● **Exercise input**:
= Beginning of Section =

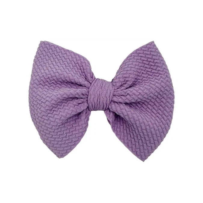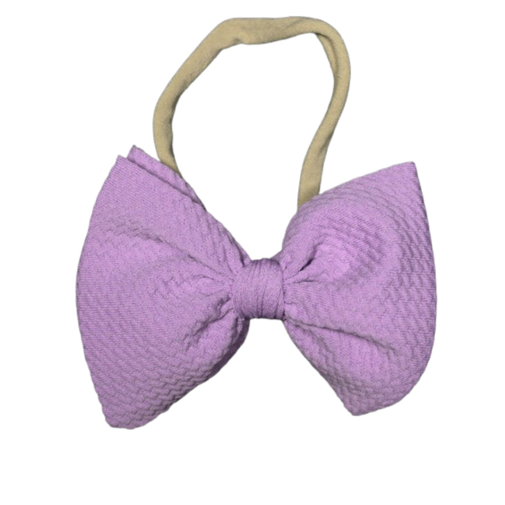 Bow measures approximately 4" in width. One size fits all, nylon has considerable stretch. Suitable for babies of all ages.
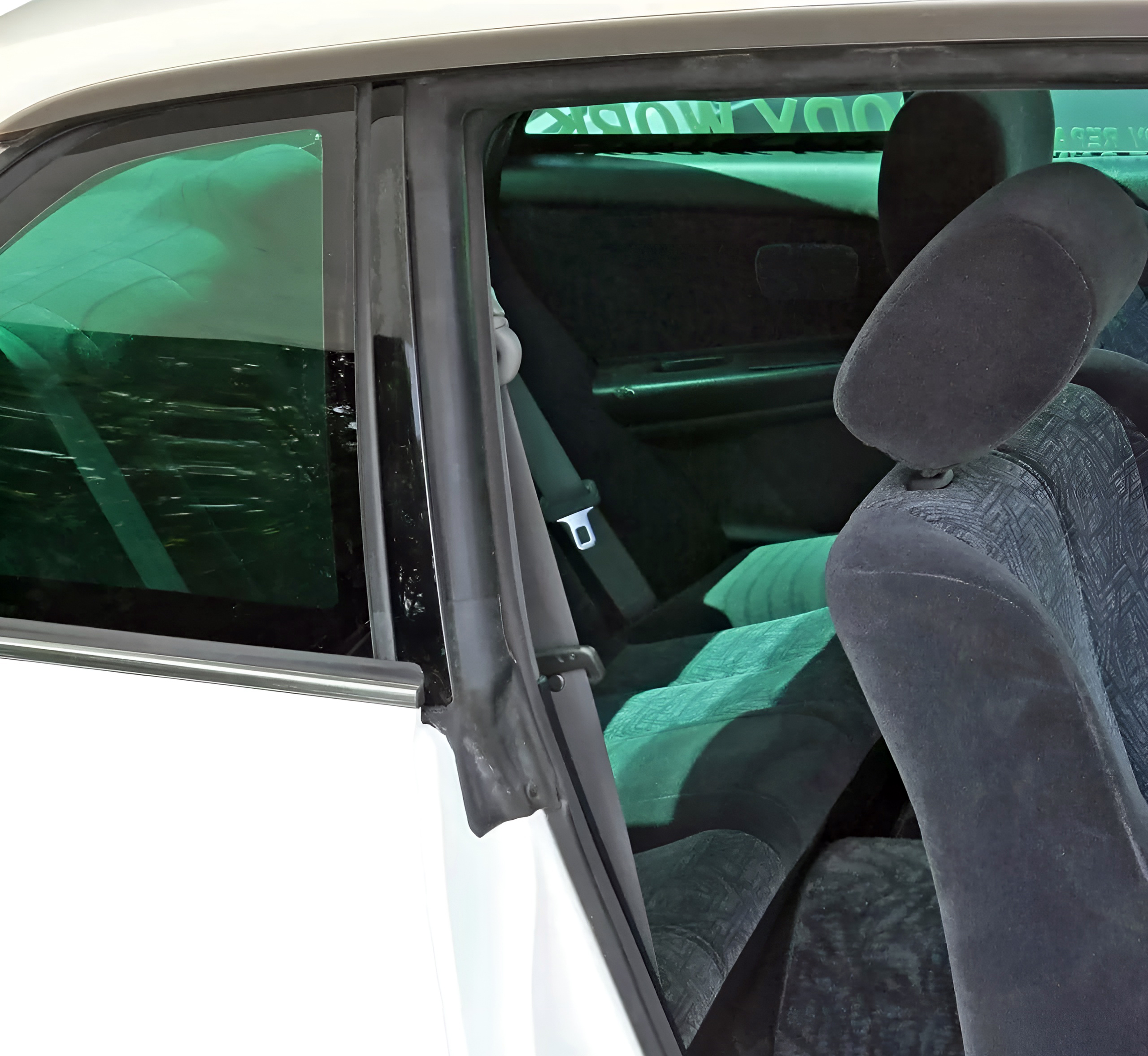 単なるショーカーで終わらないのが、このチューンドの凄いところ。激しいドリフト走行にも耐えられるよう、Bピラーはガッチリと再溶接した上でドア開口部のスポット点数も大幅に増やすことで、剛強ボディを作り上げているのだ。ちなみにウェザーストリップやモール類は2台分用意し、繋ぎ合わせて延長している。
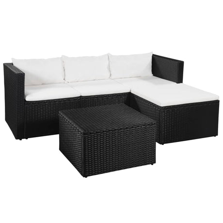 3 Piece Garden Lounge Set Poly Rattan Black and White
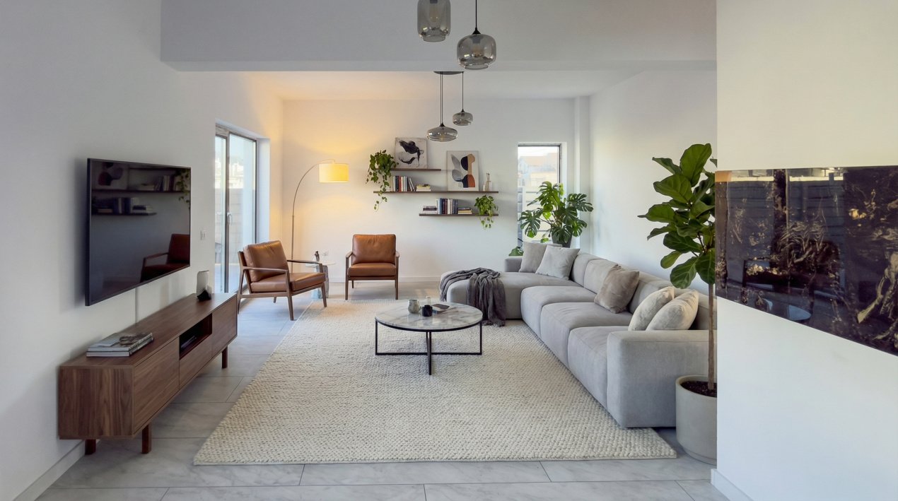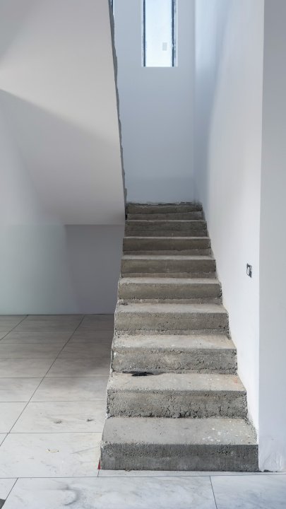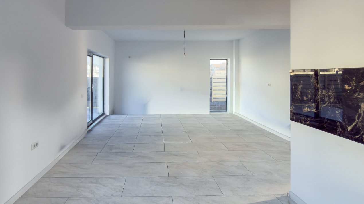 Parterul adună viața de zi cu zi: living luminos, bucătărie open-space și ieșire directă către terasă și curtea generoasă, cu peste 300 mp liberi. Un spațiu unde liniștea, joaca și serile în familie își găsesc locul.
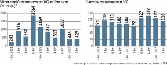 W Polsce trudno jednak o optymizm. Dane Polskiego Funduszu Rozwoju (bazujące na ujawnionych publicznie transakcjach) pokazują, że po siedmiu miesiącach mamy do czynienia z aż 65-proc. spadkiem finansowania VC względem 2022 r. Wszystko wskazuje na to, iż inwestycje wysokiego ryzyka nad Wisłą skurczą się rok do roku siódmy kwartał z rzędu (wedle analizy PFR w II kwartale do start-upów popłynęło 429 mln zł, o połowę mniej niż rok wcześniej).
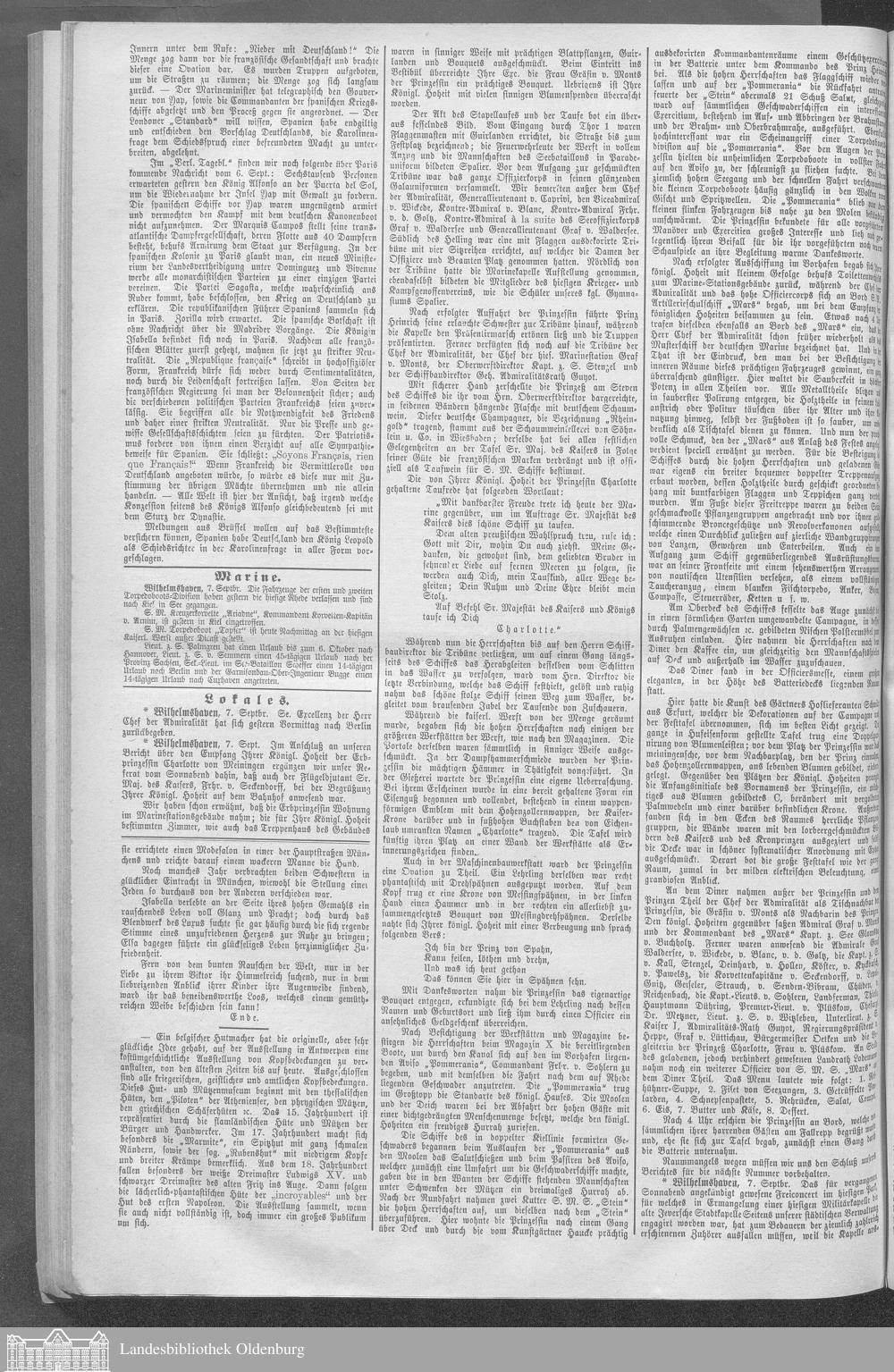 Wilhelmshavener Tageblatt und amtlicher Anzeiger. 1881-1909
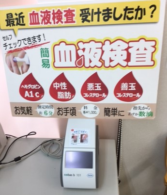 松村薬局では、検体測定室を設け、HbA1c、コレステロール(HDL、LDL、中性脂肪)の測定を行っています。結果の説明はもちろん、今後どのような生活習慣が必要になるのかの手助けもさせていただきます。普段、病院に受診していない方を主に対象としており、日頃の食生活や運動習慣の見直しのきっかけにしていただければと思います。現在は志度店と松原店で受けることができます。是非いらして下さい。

= End of Section =
= Beginning of Section =

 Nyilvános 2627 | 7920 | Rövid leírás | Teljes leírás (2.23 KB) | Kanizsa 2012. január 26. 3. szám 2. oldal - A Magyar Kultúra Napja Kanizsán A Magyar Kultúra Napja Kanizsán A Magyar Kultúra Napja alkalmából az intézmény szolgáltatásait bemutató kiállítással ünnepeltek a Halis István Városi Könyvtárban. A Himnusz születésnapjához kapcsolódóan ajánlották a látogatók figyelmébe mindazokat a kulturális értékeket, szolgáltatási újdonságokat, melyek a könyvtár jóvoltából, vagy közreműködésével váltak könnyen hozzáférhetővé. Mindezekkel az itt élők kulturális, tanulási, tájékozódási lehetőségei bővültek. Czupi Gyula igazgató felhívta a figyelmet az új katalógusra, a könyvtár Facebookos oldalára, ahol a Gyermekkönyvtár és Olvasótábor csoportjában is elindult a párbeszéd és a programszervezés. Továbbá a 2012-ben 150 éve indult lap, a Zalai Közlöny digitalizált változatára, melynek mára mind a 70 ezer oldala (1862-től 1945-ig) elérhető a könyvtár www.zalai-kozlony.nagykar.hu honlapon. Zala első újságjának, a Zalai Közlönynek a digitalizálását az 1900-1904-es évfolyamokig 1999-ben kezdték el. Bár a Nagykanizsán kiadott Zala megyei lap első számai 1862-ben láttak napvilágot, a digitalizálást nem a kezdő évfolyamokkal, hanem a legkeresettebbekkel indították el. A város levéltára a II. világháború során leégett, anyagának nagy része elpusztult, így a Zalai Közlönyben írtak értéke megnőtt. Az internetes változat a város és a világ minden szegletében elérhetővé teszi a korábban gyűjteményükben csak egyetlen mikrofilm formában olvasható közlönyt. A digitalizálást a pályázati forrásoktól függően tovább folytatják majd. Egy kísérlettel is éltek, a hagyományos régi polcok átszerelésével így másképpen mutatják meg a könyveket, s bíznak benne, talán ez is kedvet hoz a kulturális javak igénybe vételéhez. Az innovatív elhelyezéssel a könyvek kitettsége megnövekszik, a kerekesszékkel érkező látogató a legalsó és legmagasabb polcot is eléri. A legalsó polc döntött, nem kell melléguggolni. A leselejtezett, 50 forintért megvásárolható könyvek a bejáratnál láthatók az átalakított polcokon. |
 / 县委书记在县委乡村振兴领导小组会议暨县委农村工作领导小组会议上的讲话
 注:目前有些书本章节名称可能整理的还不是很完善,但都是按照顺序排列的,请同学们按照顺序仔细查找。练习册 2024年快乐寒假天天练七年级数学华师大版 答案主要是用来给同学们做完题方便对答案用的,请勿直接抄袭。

= End of Section =

All pictures are to be skipped. Output, word for word, the lines in the data above starting at the line containing "3 Piece Garden" and ending at the line containing "松村薬局では、検体測定室を設".

● **Answer box**:
 3 Piece Garden Lounge Set Poly Rattan Black and White
 Parterul adună viața de zi cu zi: living luminos, bucătărie open-space și ieșire directă către terasă și curtea generoasă, cu peste 300 mp liberi. Un spațiu unde liniștea, joaca și serile în familie își găsesc locul.
 W Polsce trudno jednak o optymizm. Dane Polskiego Funduszu Rozwoju (bazujące na ujawnionych publicznie transakcjach) pokazują, że po siedmiu miesiącach mamy do czynienia z aż 65-proc. spadkiem finansowania VC względem 2022 r. Wszystko wskazuje na to, iż inwestycje wysokiego ryzyka nad Wisłą skurczą się rok do roku siódmy kwartał z rzędu (wedle analizy PFR w II kwartale do start-upów popłynęło 429 mln zł, o połowę mniej niż rok wcześniej).
 Wilhelmshavener Tageblatt und amtlicher Anzeiger. 1881-1909
 松村薬局では、検体測定室を設け、HbA1c、コレステロール(HDL、LDL、中性脂肪)の測定を行っています。結果の説明はもちろん、今後どのような生活習慣が必要になるのかの手助けもさせていただきます。普段、病院に受診していない方を主に対象としており、日頃の食生活や運動習慣の見直しのきっかけにしていただければと思います。現在は志度店と松原店で受けることができます。是非いらして下さい。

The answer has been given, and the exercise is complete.